If the marijuana is to be stored for more than a few months, you can use a vacuum sealer (designed for storing food) to seal the marijuana in an airtight environment. If stored in a dark area that is between 40-55 degrees F, the marijuana in vacuum sealed plastic will remain potent for up to 5 years. 

Dry marijuana can be stored in a frost-free freezer, but some of the THC on the outer part of the buds may be damaged when frozen. A refrigerator is in the right temperature range but they tend to be humid (unless you can control the humidity).

*If stored in* an area of high humidity for months or years, even vacuum sealed marijuana can eventually become as humid as the surrounding air. This will necessitate drying it again before smoking. But, unless mold develops, humidity itself will not degrade the THC or make the marijuana any less potent.

Light will degrade some of the THC, so dark containers can be used for storage.

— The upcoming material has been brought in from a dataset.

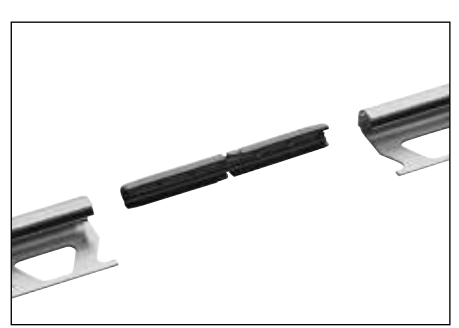
Schlüter®-RONDEC-A/V (Connector for aluminium profiles)

If you place the marijuana in a see through container, it will have to be located in a dark area that is not exposed to light or high temperatures.

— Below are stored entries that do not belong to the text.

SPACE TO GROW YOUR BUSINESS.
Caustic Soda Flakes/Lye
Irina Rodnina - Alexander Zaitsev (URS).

Always make sure to properly dry your marijuana prior to storage, if you grow your own or if the stuff you have is very moist. 

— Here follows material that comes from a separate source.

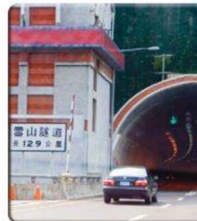
[雪山隧道 The Hsuehsh...

And remember that to preserve marijuana potency at a maximum level, keep any exposure to air, heat, and light at a minimum.


----------



## redivider (Sep 14, 2009)

i think he didn't answer your question... i think the foodsaver works, but i could be wrong... go on consumerreports.org or some other ranking site and check it out... you might want to look for kitchen gadget sites too, and read reviews....


----------



## Brick Top (Sep 14, 2009)

redivider said:


> i think he didn't answer your question... i think the foodsaver works, but i could be wrong... go on consumerreports.org or some other ranking site and check it out... you might want to look for kitchen gadget sites too, and read reviews....


 

I did not attempt to answer the question. I only thought if he was in any way unsure about the capabilities of vacuum-sealing what I posted might be of some interest. And if not to him possibly to someone else who reads it who did not know what they just read so it would likely have then been of interest to them.


----------



## Grizzdude (Sep 14, 2009)

Brick Top said:


> I did not attempt to answer the question. I only thought if he was in any way unsure about the capabilities of vacuum-sealing what I posted might be of some interest. And if not to him possibly to someone else who reads it who did not know what they just read so it would likely have then been of interest to them.


I thank you for the reply Bricktop as this may help out people looking at this thread. I am more interested in what brands and models people have used with success. Where are the vacuum sealer people at?


----------



## Higher Education (Sep 15, 2009)

Get a Food Saver model that has two sealing levels. That way you can be sure not to crush your bud. Also there are rolls available that are cheaper than premade bags, but they aren't as professional looking if you were looking to sell your bud in the vacuum sealed bags. The seal-a-meal vacuum sealer is perfect for long term clone storage, or storing buds in a jar. Not sure if you could use the seal-a-meal for curing though, I'm not even sure if bud needs a small amount of air to cure or not. Anyone know?


----------



## Green Cross (Sep 15, 2009)

Grizzdude said:


> Hi I was wondering if anyone here has used a vacuum sealer to store their buds? If so which brand and model do you use? I'm looking at mabey a Food Saver but would like some input from you guys. Thanks


Food saver 

and get the food saver canisters to cure in, because mold doesn't grow in a vacuum


----------



## fdd2blk (Sep 15, 2009)

i have a Food saver. it acts up. when it seals it gets too hot and melts all the way thru the bag. it is kinds old though. it may need to be replaced. it's been around a few years. 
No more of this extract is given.